TCP/IP communications can be very strange. TCP will retry for quite a while at the bottom layers of the stack without ever letting the upper layers know that anything happened.
I would fully expect that after some time period (30 seconds to a few minutes) you should see an error, but I haven't tested this I'm just going off how TCP apps tend to work.
You might be able to tighten the TCP specs (retry, timeout, etc) but again, haven't messed with it much.
Also, it may be that I'm totally wrong and the implementation of Java you are using is just flaky.
To answer the first part of the question (about not knowing that the client has disconnected abruptly), in TCP, you can't know whether a connection has ended until you try to use it.
The notion of guaranteed delivery in TCP is quite subtle: delivery isn't actually guaranteed to the application at the other end (it depends on what guaranteed means really). Section 2.6 of RFC 793 (TCP) gives more details on this topic. This thread on the Restlet-discuss list and this thread on the Linux kernel list might also be of interest.
For the second part (not detecting when you write to this socket), this is probably a question of buffer and timeout (as others have already suggested).
I am facing the same problem.
I think when you register the socket with a selector it doesn't throw any exception.

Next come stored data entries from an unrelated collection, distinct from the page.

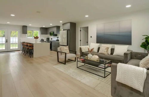 • A spacious living area with a 75 flat-screen TV and streaming services (Apple TV, Netflix, Hulu, Disney Plus, Youtube TV)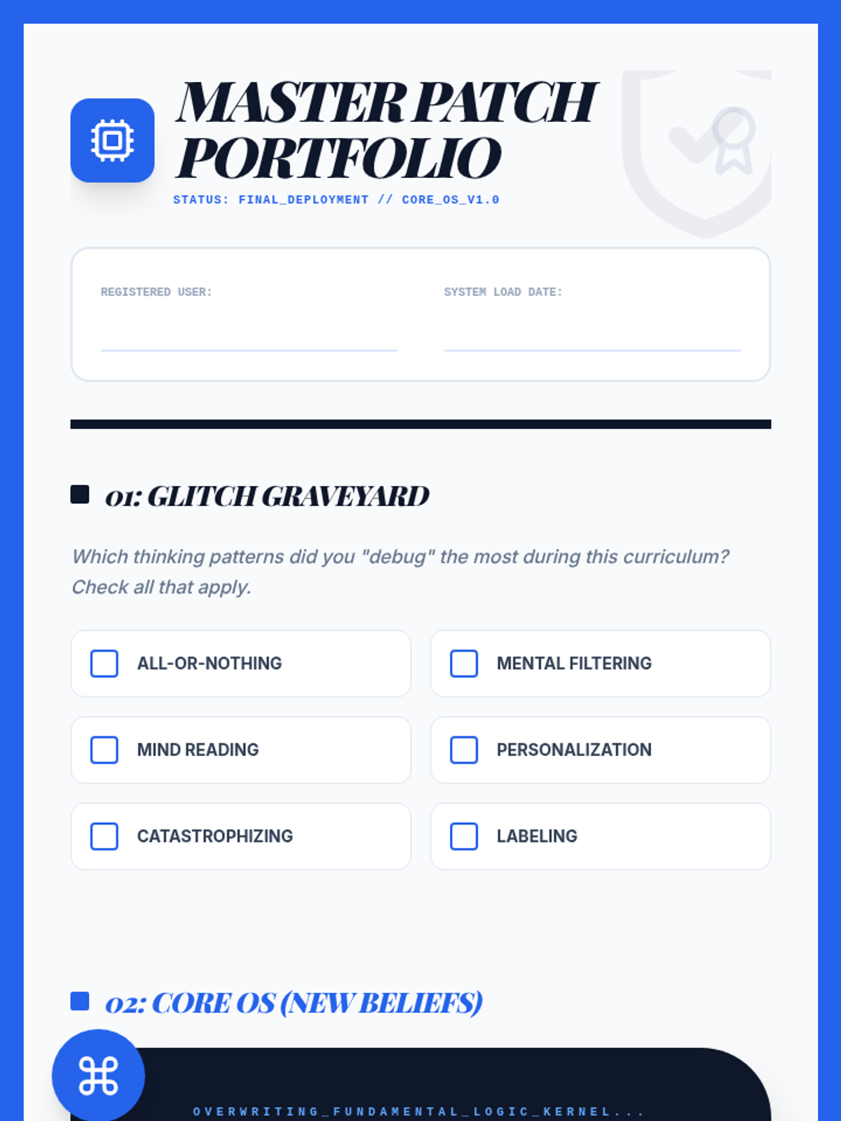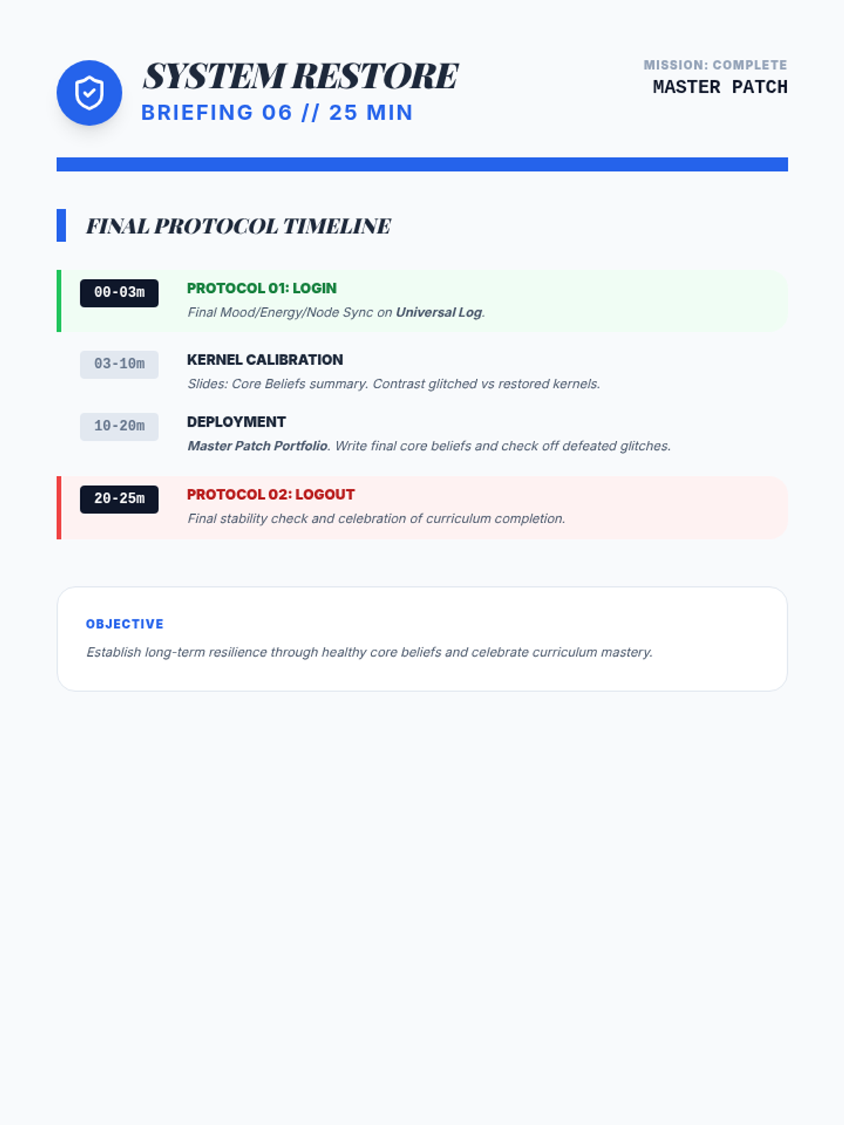 The final curriculum review and introduction to Core Beliefs. Students synthesize their learning to create a 'Master Patch'—a set of balanced core beliefs for long-term mental resilience.
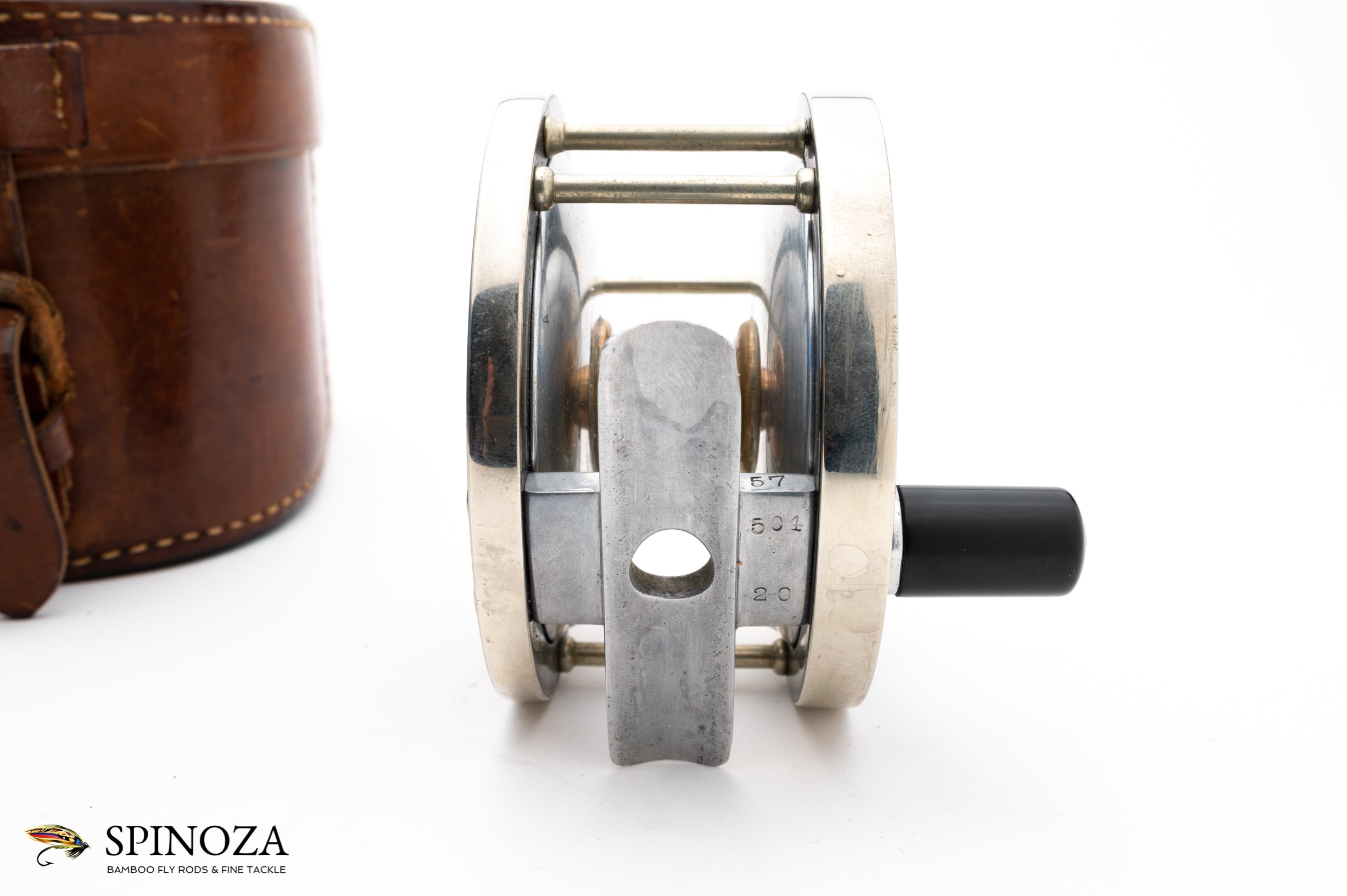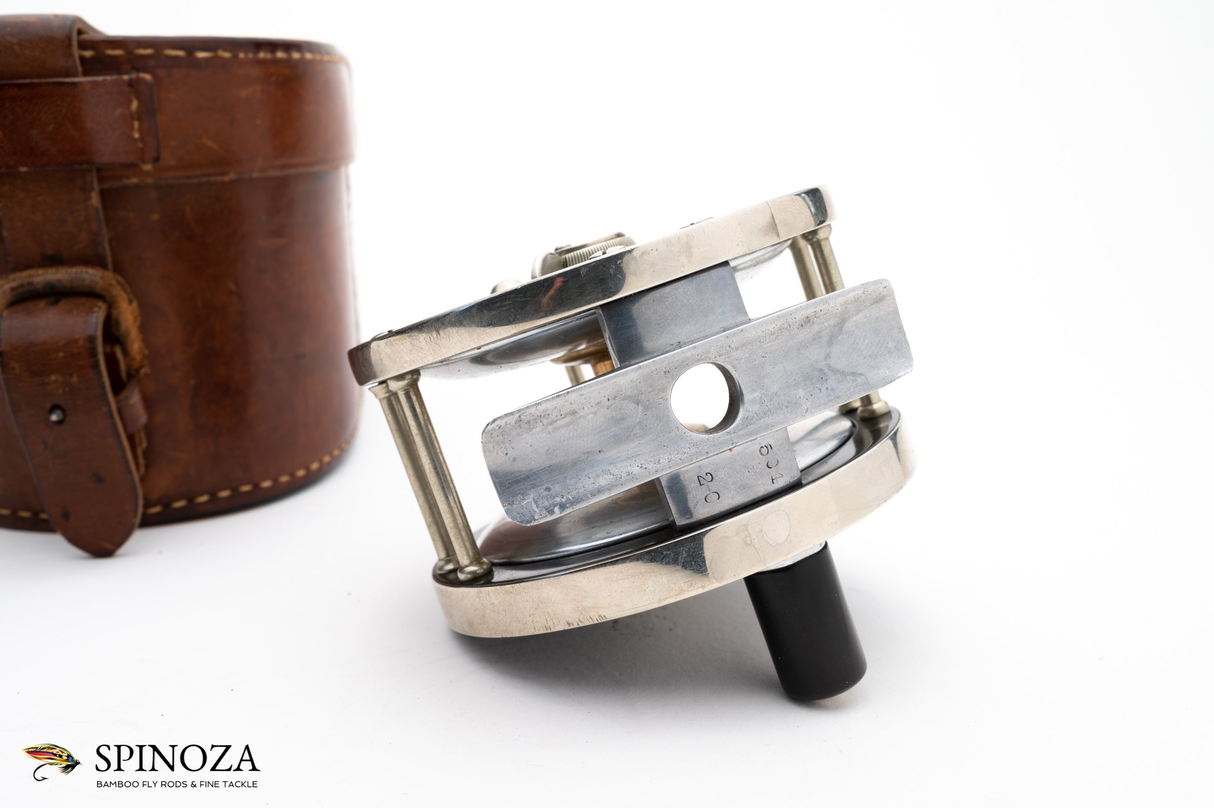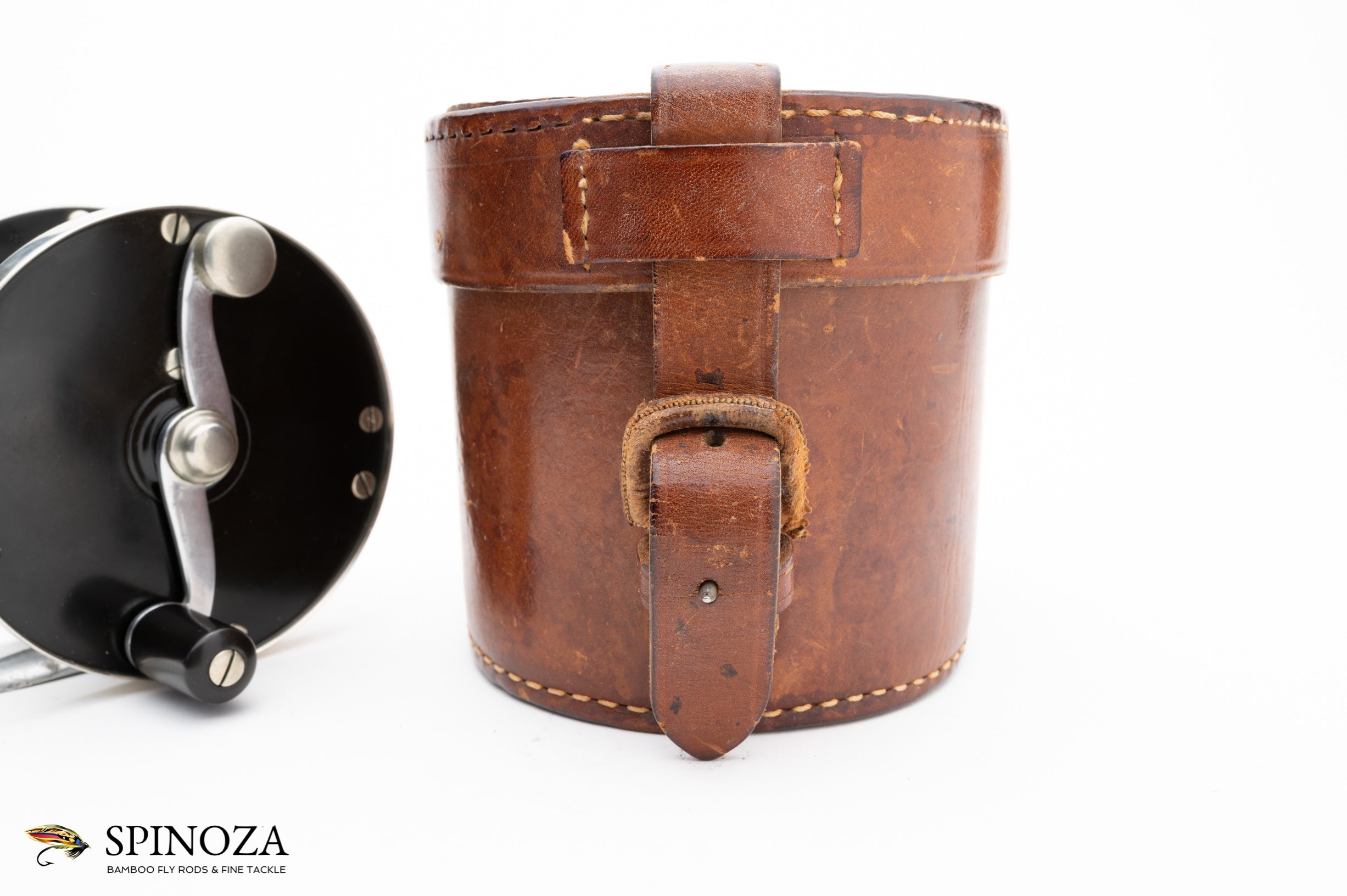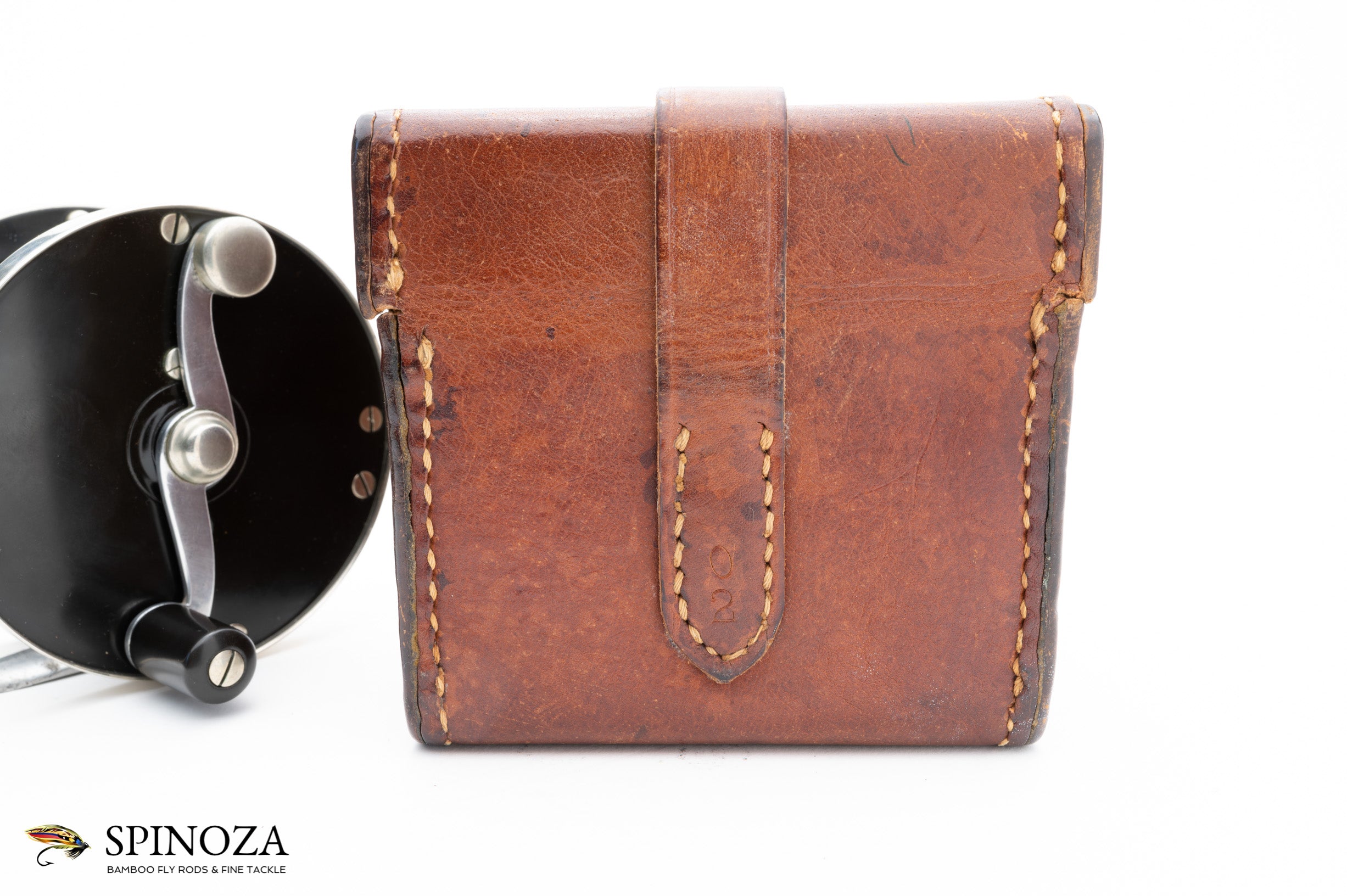 A superb Edward Vom Hofe 504 Tobique multiplying salmon reel, set up for RHW. 2/0 size, 3 1/2" diameter with a 1 1/4" spool width. Hard rubber plates, nickel silver rims and pillars, the usual aluminum foot that is full-length, and the classic "S" shaped handle. The screws do not show abuse at the hands of a screwdriver, and the seven-portion drag disk works perfectly and can hold almost any salmon in the pool. The reel was made and owned by Gordon S. Rentschler, then Chapman of First National City Bank in New York, and there is a repair ticket included with his name and address on it. This example, made in 1935, comes in the original E vom Hofe leather D block case that is, too, in beautiful condition.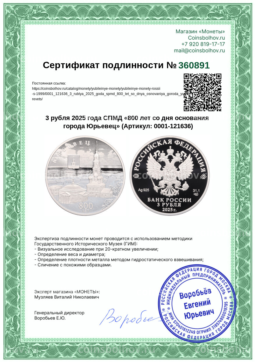 Монета 3 рубля 2025 года СПМД «800 лет со дня основания города Юрьевец»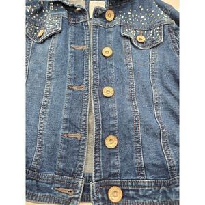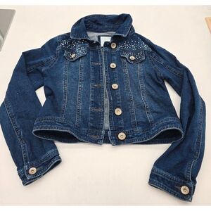 Justice Girls Denim Jacket With Rhinestone Studded Shoulders & Button Front Clos

Are you using a selector with your socket?
Related
Suppose a simple network model: A has successfully created a TCP connection to B, and they are communicating with each other like this
A <----------> B
I know that if the program on A dies (such as core dump), that will cause a RST packet to B. So any read attempt of B will lead to an EOF, and any write attempt of B will lead to SIGPIPE. Am I right?
If, however, suppose the network has broken down (such as cable/router failure) on A, what happens to the read/write attempt of B? In my situation, all the sockets has been set to non-blocking. As a result, is it impossible for me to detect network error?
By the way, I notice that there is an option SO_KEEPALIVE in socket which may be useful to me http://tldp.org/HOWTO/html_single/TCP-Keepalive-HOWTO/. But I wonder how much the cost will be if I set the probing interval to 2~3 second (which by default is 75 seoncd)? And it seems interval configuration is a global one, so is this gonna affect all the sockets on the machine?
Final question...
Say the network has broken down and any write attempt would cause EPIPE some time later. If, however, instead of trying to write, I put this socket into epoll device, what will happend then? Will epoll_wait return EPOLLHUP or EPOLLERR event?
There's numerous other ways a TCP connection can go dead undetected
someone yanks out a network cable inbetween.
the computer at the other end gets nuked.
a nat gateway inbetween silently drops the connection
the OS at the other end crashes hard.
the FIN packets gets lost.
undetectable errors: A router in-between the endpoints may drops packets.(including control packets)
reff
In all cases you can know about it when you try to write on socket this cause through SIGPIPE error in your program and terminate it.
By read() it can't be know whether other-side live or not. Thants Why SO_KEEPALIVE useful. Keepalive is non-invasive, and in most cases, if you're in doubt, you can turn it on without the risk of doing something wrong. But do remember that it generates extra network traffic, which can have an impact on routers and firewalls.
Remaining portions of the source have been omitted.